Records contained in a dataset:
--------------------------------
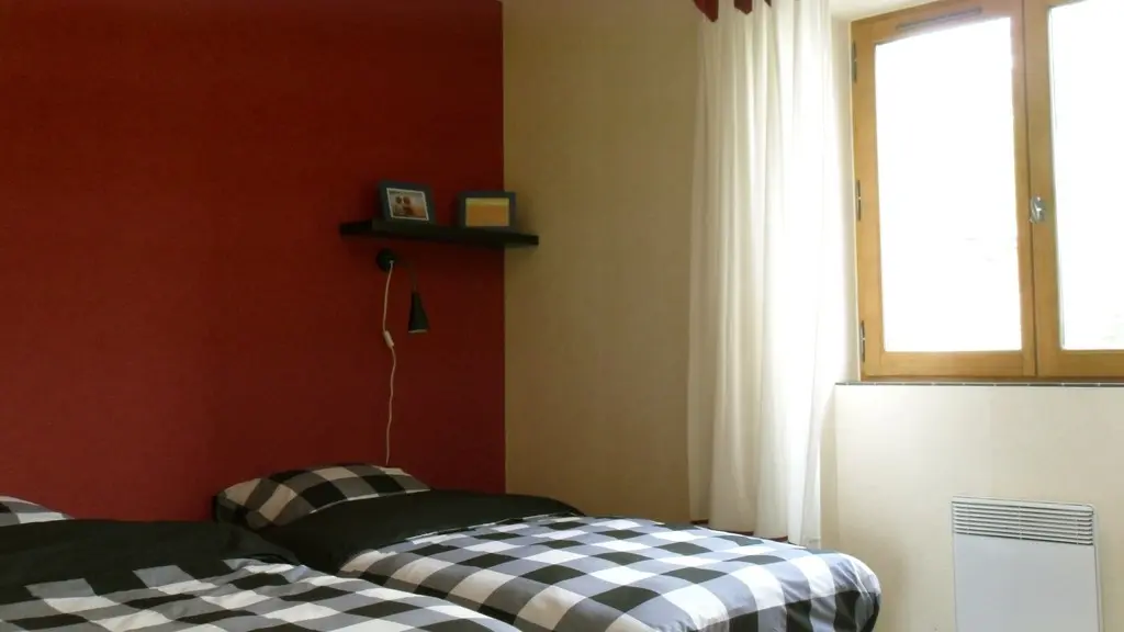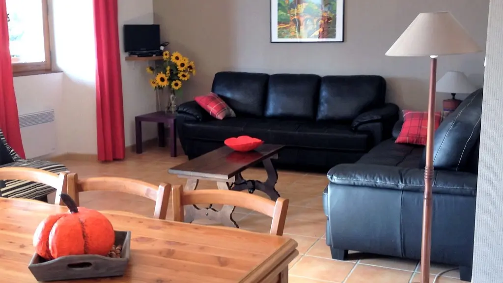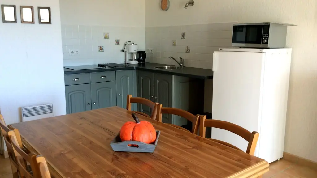 After the beautiful covered terrace facing the fields, the accommodation is composed of 3 rooms and can accommodate up to 6 people. The whole is vast, colorful and nicely decorated with its living room (1 sofa bed 2 places, sofas, TV, HIFI, WIFI), its well arranged kitchen and the 2 bedrooms (1 bed 140, 2 beds 90). The bathroom/WC is equipped to welcome a person with a slight motor handicap (walk-in shower, seat and grab bar).
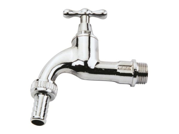 Aftapventil 3/4" 116 er en forkromet aftaphane med T-greb og indbygget kontraventil og slangeforskruning.
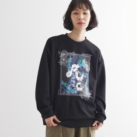 グラフィックフォトと刺繍で花柄を表現した一枚。
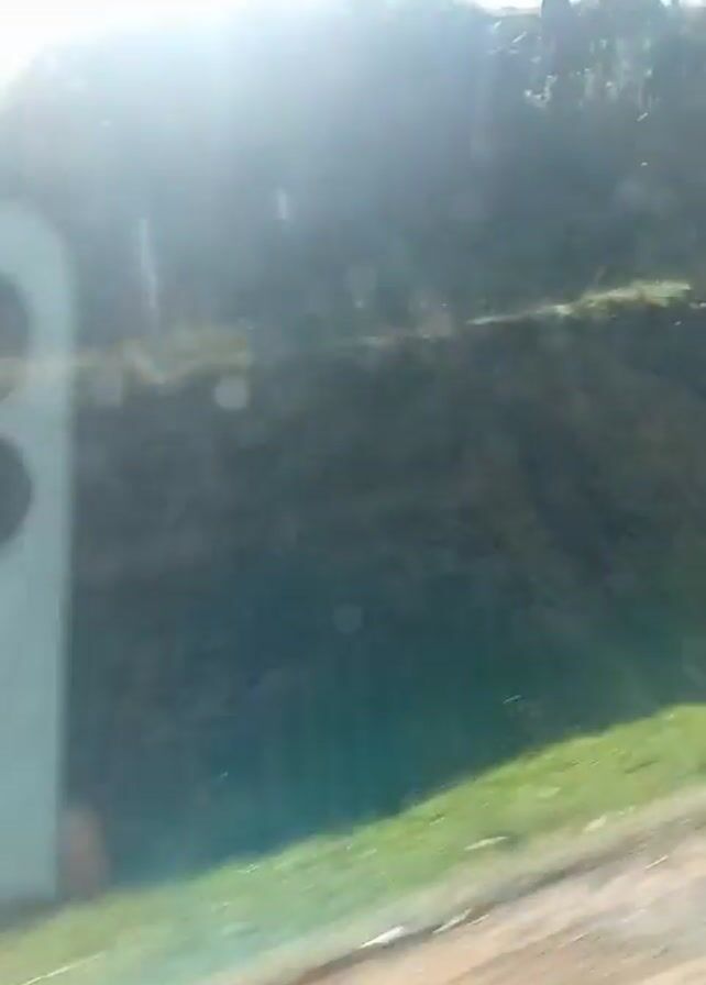 view through a car window, possibly a side window, with sunlight glaring and creating lens flares. The background outside the window shows a blurry scene of green vegetation and possibly trees. In the foreground, partly obscuring the view, is the side of a white or light-colored smartphone, specifically the camera module with three lenses visible. The camera appears to be the focal point for a brief moment. The video appears to have been taken while the car is in motion. Raindrops or water spots are visible on the window.
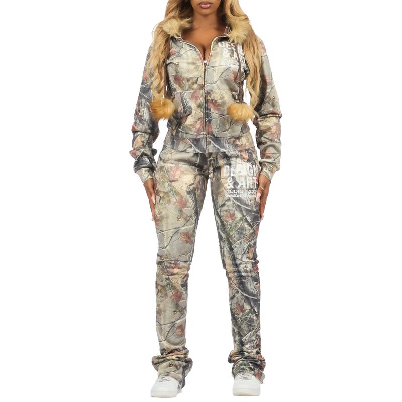 An urban two-piece jacket and super stacked track pant set for women in grey tree camo. Designed with custom detailing and extra long legs for the perfect streetwear style.
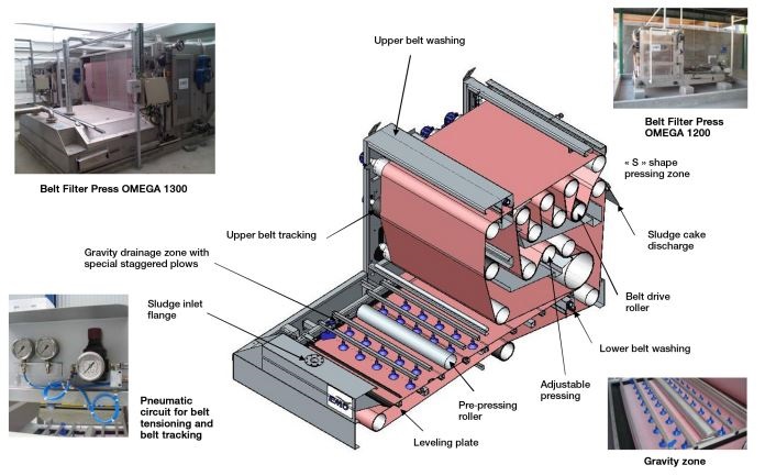 The OMEGA press consists of a stainless structural frame, sludge inlet and distribution assembly, long gravity thickening zone, adjustable medium pressure section, high pressure "S" shape zone, variable speed drive, continuous belt washwater section, automatic belt tracking and automatic belt tensioning systems, filtrate collection pans, internal wiring and piping, electric control panel (optional).
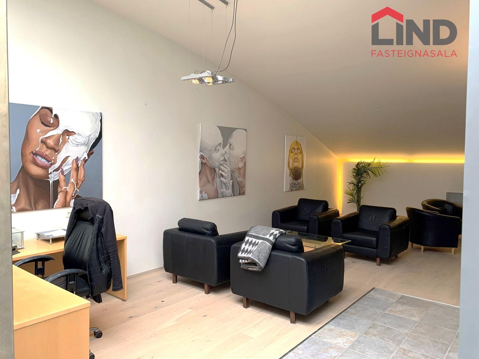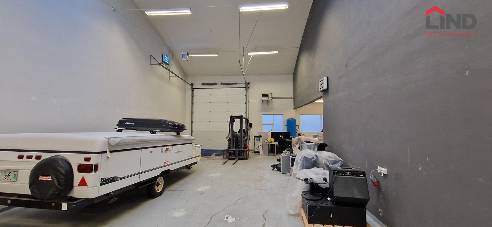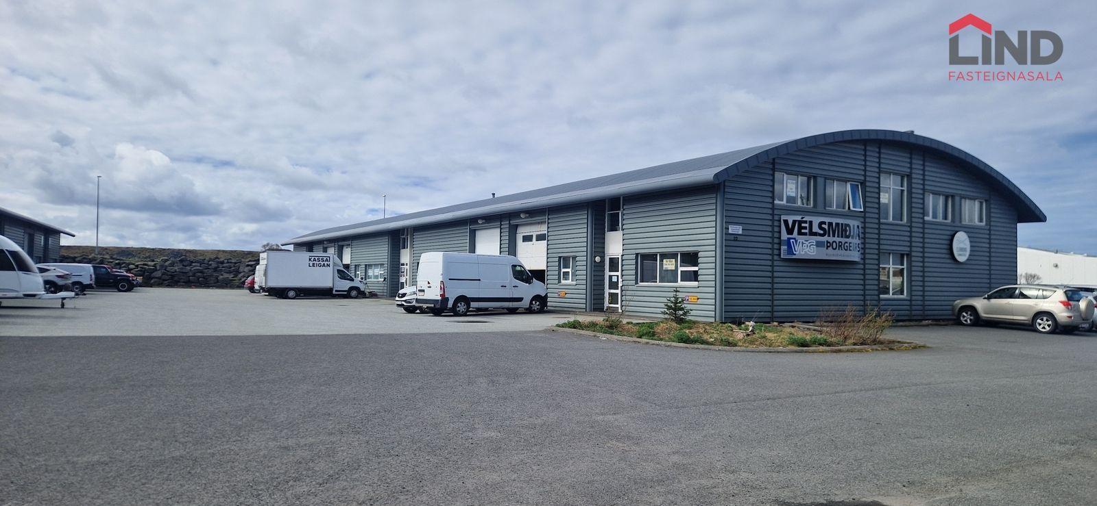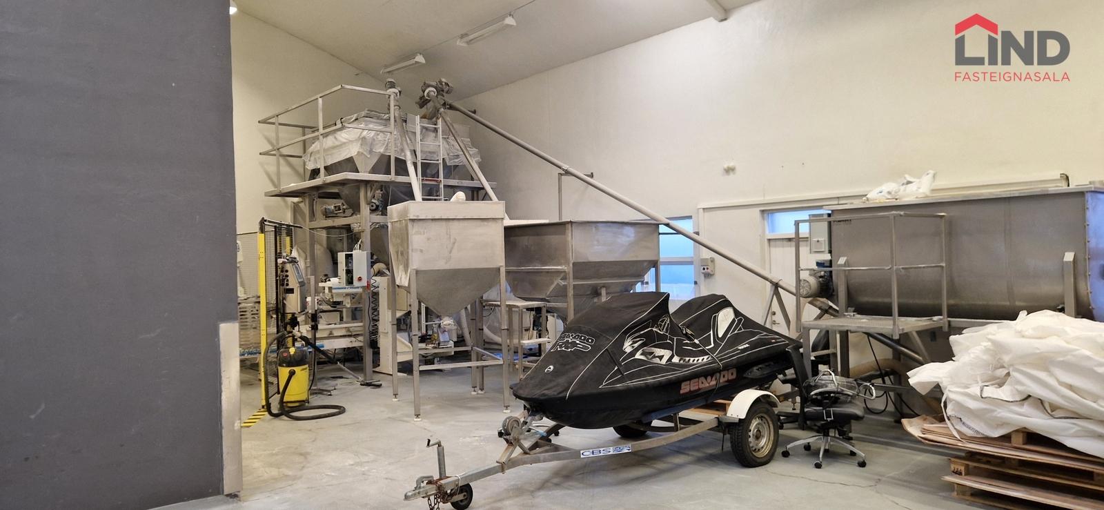Mjög vandað Atvinnuhúsnæði á tveimur hæðum, salur með stórum innkeyrsludyrum 276,9 fm. og milliloft/skrifstofa 88,6 fm. samtals 365,5 fm. Neðri hæð 276,9 fm. skiptist: Forstofa með hurð inní vinnslusal og stigi upp á eftir hæð, flísar á gólfi Vinnslusalur með sér styrktu gólfi, hiti í gólfi, epoxy á gólfi. Stór innkeyrsluhurð 360 cm. á breidd og 400 cm. á hæð. Baðherbergi með salerni og sturtu, flísar í hólf og gólf Skiptiaðstaða fyrir starfsfólk. Geymsla og lítil skrifstofa. Efri hæð 88,6 fm. skiptist: Steyptu stigi milli hæða með flísum á gólfi Eldhús með ljósri eikarinnréttingu með stórum ísskáp, mjög góð mataraðstaða, flísar á gólfi Salerni með eikarinnréttingu, flísar í hólf og gólf Skrifstofa með parketi á gólfi. Yfir skrifstofu/eldhúsi er þakgluggi. Mjög vandað staðsteypt hús, einangrað að utan og klætt með litaðri klæðningu. Lóðin er snyrtilega frágengin með malbikuðum bílastæðum meðfram húsinu.
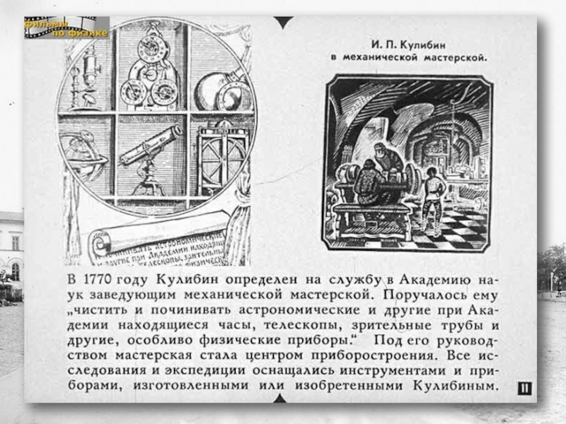 часовую мастерскую. Слава о чудесном мастере разнеслась по всему городу, после того как он починил «замысловатый снаряд, показывающий делянки суток» самого губернатора. После этого отбоя от клиентов у Кулибина не было.
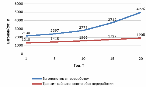 В первые 10 лет ежегодный темп роста потребных размеров переработки будет составлять 3 %, а в последующие 10 лет – 9 % от начальных размеров переработки. Темп роста транзитных поездов составляет 2 % от исходных.
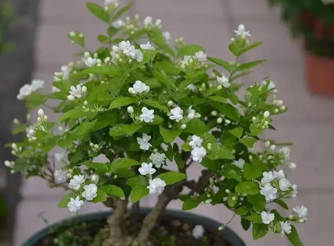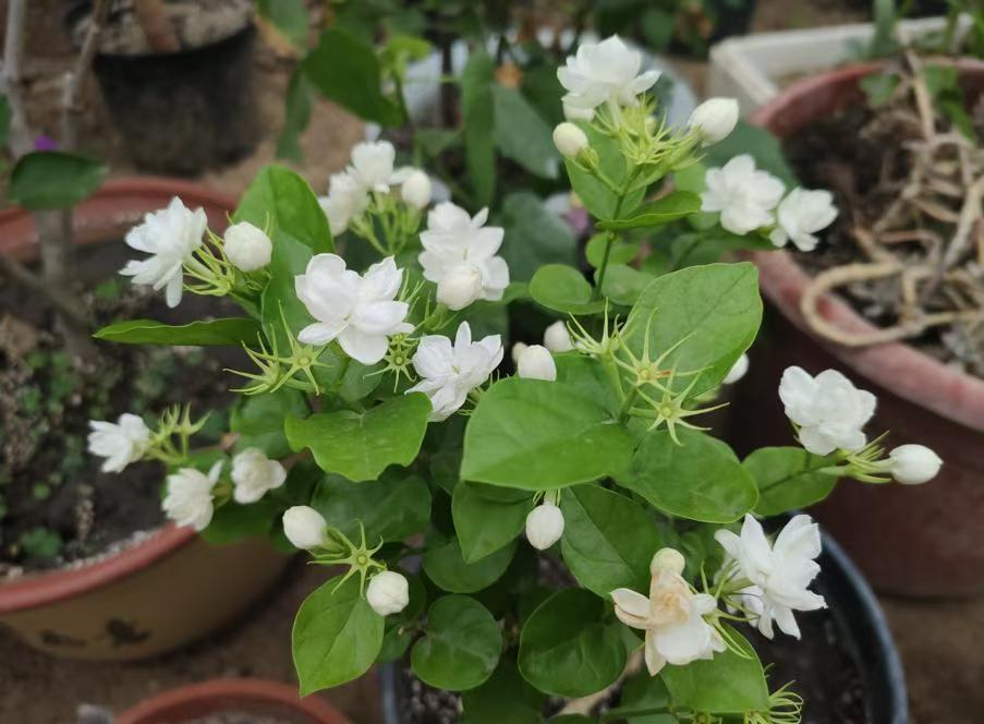 如果冬天室内温度比较合适,光照比较好,还可以不断地开花,所以这种茉莉花一直深受人们的喜爱。在夏天养护多晒太阳,盆土表面干透了浇水,并且每个月浇两到三次的肥料,配合着修剪打理才能一茬接一茬的开花不断。
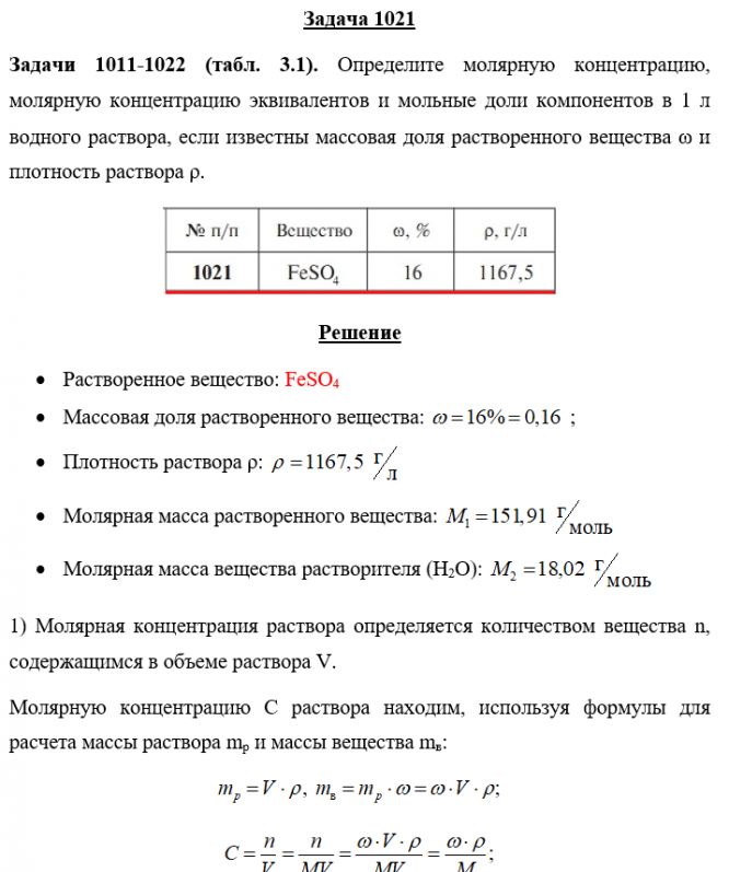 Задача 1021 - Определите молярную концентрацию, молярную концентрацию эквивалентов и мольные доли компонентов в 1 л водного раствора, если известны массовая доля растворенного вещества ω и плотность раствора ρ.
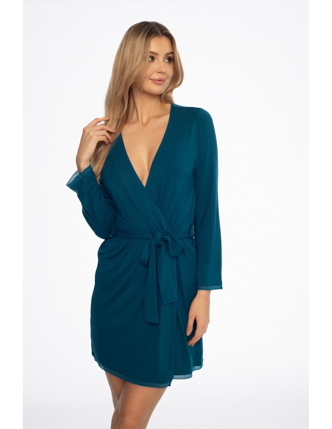Szlafrok damski Alena 41315 SS24 Henderson to lekki i elegancki dodatek do bielizny nocnej. Wykonany z delikatnej wiskozy, idealny na wieczór. Długie rękawy i koronkowe wykończenia podkreślają kobiecość.
--------------------------------
About this task - Each entry should come back exactly as written, with its pictures omitted.

Result of the task -
 After the beautiful covered terrace facing the fields, the accommodation is composed of 3 rooms and can accommodate up to 6 people. The whole is vast, colorful and nicely decorated with its living room (1 sofa bed 2 places, sofas, TV, HIFI, WIFI), its well arranged kitchen and the 2 bedrooms (1 bed 140, 2 beds 90). The bathroom/WC is equipped to welcome a person with a slight motor handicap (walk-in shower, seat and grab bar).
 Aftapventil 3/4" 116 er en forkromet aftaphane med T-greb og indbygget kontraventil og slangeforskruning.
 グラフィックフォトと刺繍で花柄を表現した一枚。
 view through a car window, possibly a side window, with sunlight glaring and creating lens flares. The background outside the window shows a blurry scene of green vegetation and possibly trees. In the foreground, partly obscuring the view, is the side of a white or light-colored smartphone, specifically the camera module with three lenses visible. The camera appears to be the focal point for a brief moment. The video appears to have been taken while the car is in motion. Raindrops or water spots are visible on the window.
 An urban two-piece jacket and super stacked track pant set for women in grey tree camo. Designed with custom detailing and extra long legs for the perfect streetwear style.
 The OMEGA press consists of a stainless structural frame, sludge inlet and distribution assembly, long gravity thickening zone, adjustable medium pressure section, high pressure "S" shape zone, variable speed drive, continuous belt washwater section, automatic belt tracking and automatic belt tensioning systems, filtrate collection pans, internal wiring and piping, electric control panel (optional).
Mjög vandað Atvinnuhúsnæði á tveimur hæðum, salur með stórum innkeyrsludyrum 276,9 fm. og milliloft/skrifstofa 88,6 fm. samtals 365,5 fm. Neðri hæð 276,9 fm. skiptist: Forstofa með hurð inní vinnslusal og stigi upp á eftir hæð, flísar á gólfi Vinnslusalur með sér styrktu gólfi, hiti í gólfi, epoxy á gólfi. Stór innkeyrsluhurð 360 cm. á breidd og 400 cm. á hæð. Baðherbergi með salerni og sturtu, flísar í hólf og gólf Skiptiaðstaða fyrir starfsfólk. Geymsla og lítil skrifstofa. Efri hæð 88,6 fm. skiptist: Steyptu stigi milli hæða með flísum á gólfi Eldhús með ljósri eikarinnréttingu með stórum ísskáp, mjög góð mataraðstaða, flísar á gólfi Salerni með eikarinnréttingu, flísar í hólf og gólf Skrifstofa með parketi á gólfi. Yfir skrifstofu/eldhúsi er þakgluggi. Mjög vandað staðsteypt hús, einangrað að utan og klætt með litaðri klæðningu. Lóðin er snyrtilega frágengin með malbikuðum bílastæðum meðfram húsinu.
 часовую мастерскую. Слава о чудесном мастере разнеслась по всему городу, после того как он починил «замысловатый снаряд, показывающий делянки суток» самого губернатора. После этого отбоя от клиентов у Кулибина не было.
 В первые 10 лет ежегодный темп роста потребных размеров переработки будет составлять 3 %, а в последующие 10 лет – 9 % от начальных размеров переработки. Темп роста транзитных поездов составляет 2 % от исходных.
 如果冬天室内温度比较合适,光照比较好,还可以不断地开花,所以这种茉莉花一直深受人们的喜爱。在夏天养护多晒太阳,盆土表面干透了浇水,并且每个月浇两到三次的肥料,配合着修剪打理才能一茬接一茬的开花不断。
 Задача 1021 - Определите молярную концентрацию, молярную концентрацию эквивалентов и мольные доли компонентов в 1 л водного раствора, если известны массовая доля растворенного вещества ω и плотность раствора ρ.
Szlafrok damski Alena 41315 SS24 Henderson to lekki i elegancki dodatek do bielizny nocnej. Wykonany z delikatnej wiskozy, idealny na wieczór. Długie rękawy i koronkowe wykończenia podkreślają kobiecość.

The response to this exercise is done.